内容:
1、Job Stage划分算法解密;
2、Task最佳位置算法实现解密;
为什么要讲这两点:
1、Spark算子是链式的,计算首先Stage划分,划分好了之后才计算
2、Spark 追求最大化数据本地行,追求数据最大化的在内存中
==========Job Stage划分算法解密============
1、Spark Application中可以因为不同的Action触发众多的Job,也就是说一个Application中可以有很多Job,每个Job是由一个或者多个Stage构成的,后面的Stage依赖于前面的Stage,也就是说只有前面依赖的Stage计算完毕后,后面的Stage才会运行;
2、Stage划分的一句就是宽依赖,什么时候产生宽依赖?例如reduceByKey、groupByKey、saveAsTextFile等;
3、由Action(例如collect)导致了SparkContext的runJob的执行,最终导致了DAGScheduler中的submitJob执行,其核心是通过发送一个case class JobSubmitted给eventProcessLoop,其中JobSubmitted 源码如下;
/** A result-yielding job was submitted on a target RDD */
private[scheduler] case class JobSubmitted(
jobId: Int,
finalRDD: RDD[_],
func: (TaskContext, Iterator[_]) => _,
partitions: Array[Int],
callSite: CallSite,
listener: JobListener,
properties: Properties = null)
extends DAGSchedulerEvent
eventProcessLoop是DAGSchedulerEventProcesssLoop的具体实例,而DAGSchedulerEventProcesssLoop是EventLoop的子类,具体实现EventLoop的onReceive方法,onReceive方法转过来回调doOnReceive
private[scheduler] class DAGSchedulerEventProcessLoop(dagScheduler: DAGScheduler)
extends EventLoop[DAGSchedulerEvent]("dag-scheduler-event-loop") with Logging {
private[this] val timer = dagScheduler.metricsSource.messageProcessingTimer
/**
* The main event loop of the DAG scheduler.
*/
override def onReceive(event: DAGSchedulerEvent): Unit = {
val timerContext = timer.time()
try {
doOnReceive(event)
} finally {
timerContext.stop()
}
}
private def doOnReceive(event: DAGSchedulerEvent): Unit = event match {
case JobSubmitted(jobId, rdd, func, partitions, callSite, listener, properties) =>
dagScheduler.handleJobSubmitted(jobId, rdd, func, partitions, callSite, listener, properties)
case MapStageSubmitted(jobId, dependency, callSite, listener, properties) =>
dagScheduler.handleMapStageSubmitted(jobId, dependency, callSite, listener, properties)
case StageCancelled(stageId) =>
dagScheduler.handleStageCancellation(stageId)
case JobCancelled(jobId) =>
dagScheduler.handleJobCancellation(jobId)

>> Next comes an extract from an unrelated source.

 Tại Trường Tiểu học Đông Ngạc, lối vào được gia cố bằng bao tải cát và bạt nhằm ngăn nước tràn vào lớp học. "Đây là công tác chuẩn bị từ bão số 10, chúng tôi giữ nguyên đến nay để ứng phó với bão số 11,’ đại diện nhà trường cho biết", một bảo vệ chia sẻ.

case JobGroupCancelled(groupId) =>
dagScheduler.handleJobGroupCancelled(groupId)
case AllJobsCancelled =>
dagScheduler.doCancelAllJobs()
case ExecutorAdded(execId, host) =>
dagScheduler.handleExecutorAdded(execId, host)

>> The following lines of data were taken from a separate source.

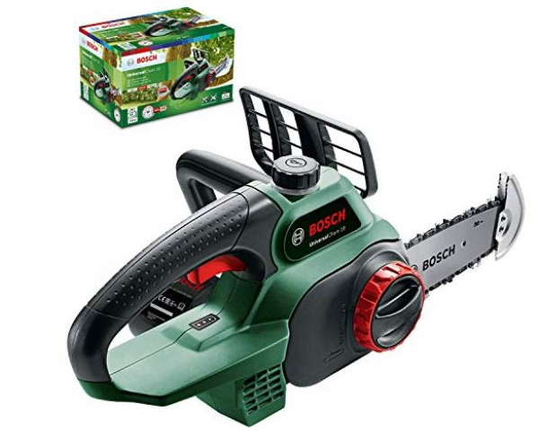 Die Bosch Akku-Kettensäge UniversalChain 18 solo eignet sich ideal zum Sägen von Ästen, zum Schneiden von Brenn- oder Rundholz, oder zur Abfallentsorgung. Der stabilisierende Führungsschutz mit Stahlkrallen greift in das Holz und sorgt für saubere Unterschnitte mit minimalen Astschäden. Das SDS-System von Bosch ermöglicht das werkzeuglose einfache Spannen und Wechseln der Sägekette. Die leichte und handliche UniversalChain 18 solo verfügt über ein automatisches Ölsystem, das für eine optimale Schmierung der Kette sorgt. Der Ölstand kann durch ein Sichtfenster überwacht werden. Mit der stabilen Rückschlagbremse zum wirkungsvollen Stoppen der Kette sorgt die UniversalChain 18 solo für die erforderliche Sicherheit beim Arbeiten.
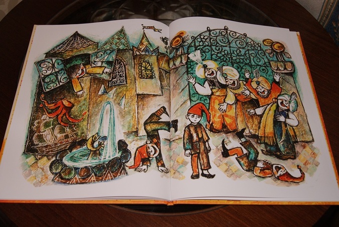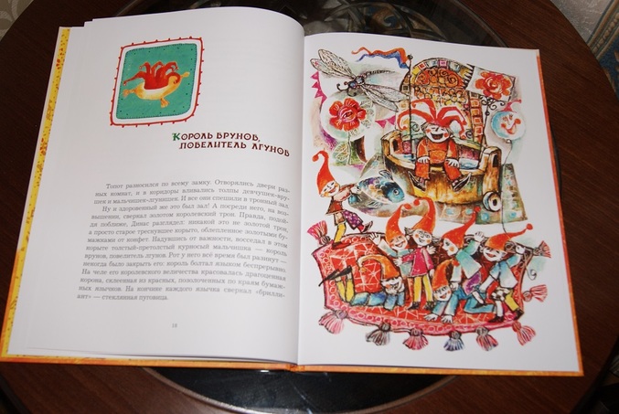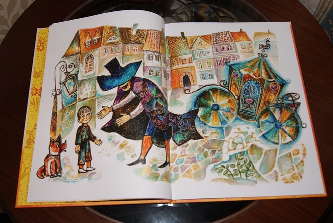 Книга большая, формат А4. Странички мелованные, крупный шрифт с буквой Ё. Иллюстрации мне очень понравились, необычные и напоминают витражи.
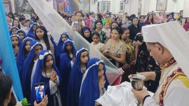 الأنبا باسيليوس يترأس قداس المناولة الاحتفالية بكنيسة القديسة تريزا بالحواصلية

case ExecutorLost(execId) =>
dagScheduler.handleExecutorLost(execId, fetchFailed = false)
case BeginEvent(task, taskInfo) =>
dagScheduler.handleBeginEvent(task, taskInfo)
case GettingResultEvent(taskInfo) =>
dagScheduler.handleGetTaskResult(taskInfo)
case completion @ CompletionEvent(task, reason, _, _, taskInfo, taskMetrics) =>
dagScheduler.handleTaskCompletion(completion)
case TaskSetFailed(taskSet, reason, exception) =>
dagScheduler.handleTaskSetFailed(taskSet, reason, exception)
case ResubmitFailedStages =>
dagScheduler.resubmitFailedStages()
}
为啥这里要给自己发一个消息呢?
主线程哪怕要调用自己的方法,那么也会给自己发一个消息,这样可以保证处理机制的一致,也容易扩展。
4、在doOnReceive中,通过模式匹配的方式把执行路由到
case JobSubmitted(jobId, rdd, func, partitions, callSite, listener, properties) =>
dagScheduler.handleJobSubmitted(jobId, rdd, func, partitions, callSite, listener, properties)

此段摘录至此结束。